Steve McQueen’s Mangrove will open this year’s London Film Festival
Film+TV | 24 August 2020

For the second time in his career, British director Steve McQueen will raise the curtain on the BFI London Film Festival, which this year will be going digital for the first time in its history.

Following from Widows, which opened the festival in 2018, McQueen’s new film Mangrove will be the first of 55 premiers to be given their virtual premier this year. The film is one of five McQueen has written together with Alistair Siddons (Trespass Against Us) as part of a new anthology called Small Axe, made for the BBC and co-produced by Amazon.
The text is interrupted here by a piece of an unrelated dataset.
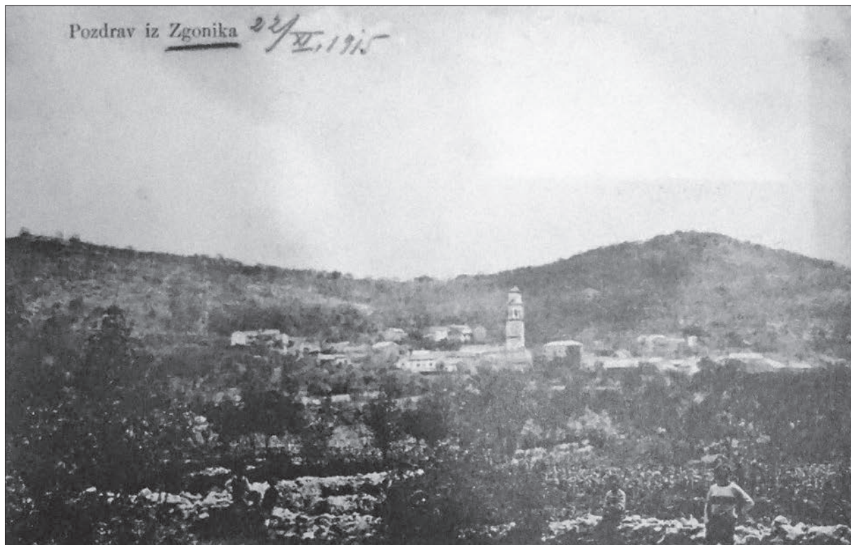
Zgonik na začetku 20. stoletja (Škrabec, Narod naš dokaze hrani , str. 105).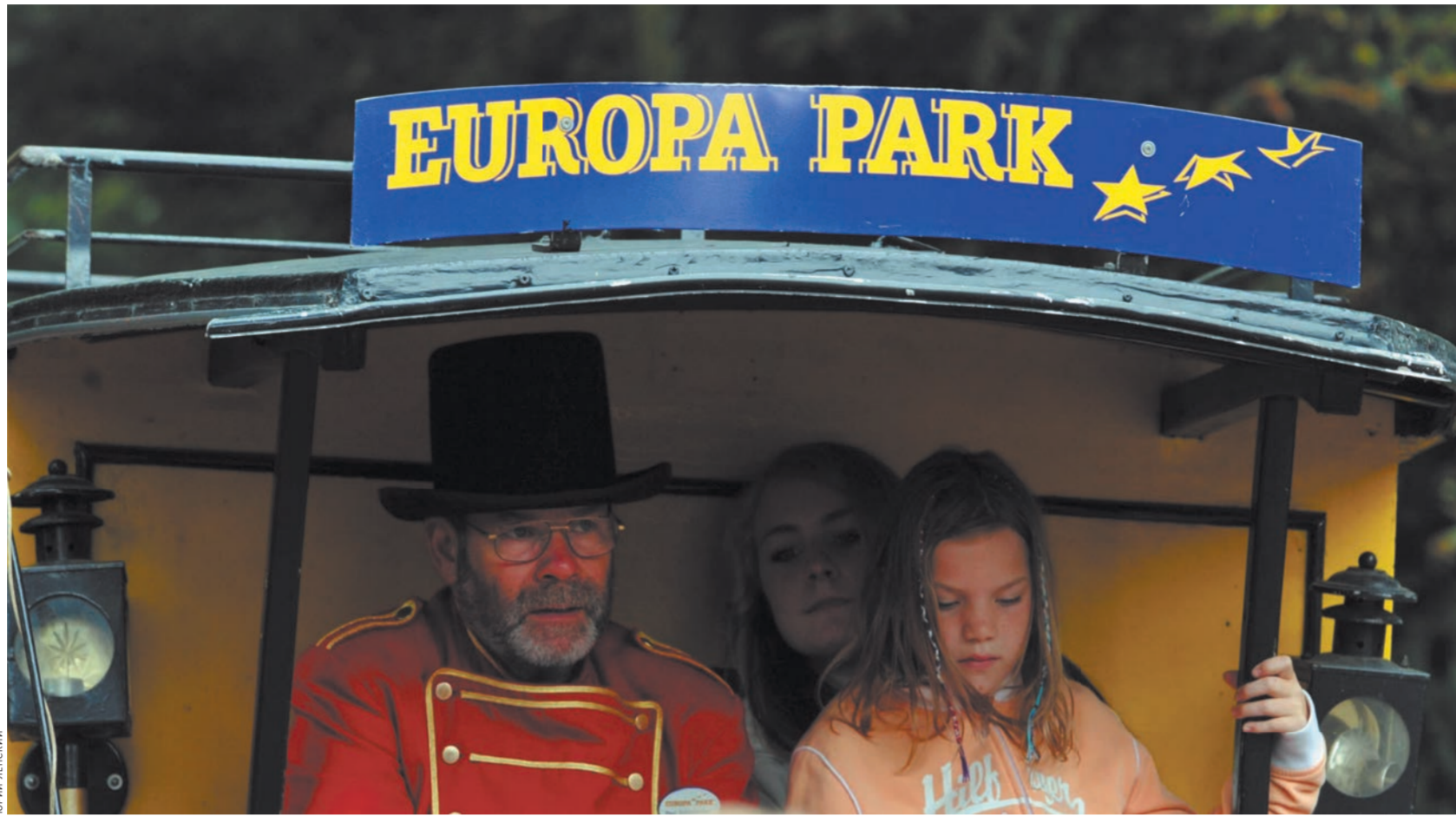
Настоящий парк начинается с конного экипажа.

Starring Letitia Wright, Shaun Parkes and Malachi Kirby, Mangrove follows the story of the Mangrove 9, a group of black British activists tried for inciting a riot in 1970. Their name derived from the Mangrove Restaurant in Notting Hill, a popular hangout among the local Afro-Caribbean  community and a regular meeting spot for black intellectuals and academics.

The premises were routinely raided by police, ostensibly on suspicion of drug possession, yet they signified the extent of institutional racism within the force. At the 55-day trial that followed the march on the police station, the 9 were dismissed after the magistrate founds evidence against 12 police offers suggesting they equated black radical activism with criminal intent.

“I couldn’t be happier that Mangrove will open this year’s BFI London Film Festival,” said McQueen of the news. “Although the themes are universal, Mangrove is a London story. It may have happened fifty years ago, but it’s as relevant today as it was then.”

BFI London Film Festival is on from 7 October to 18 October.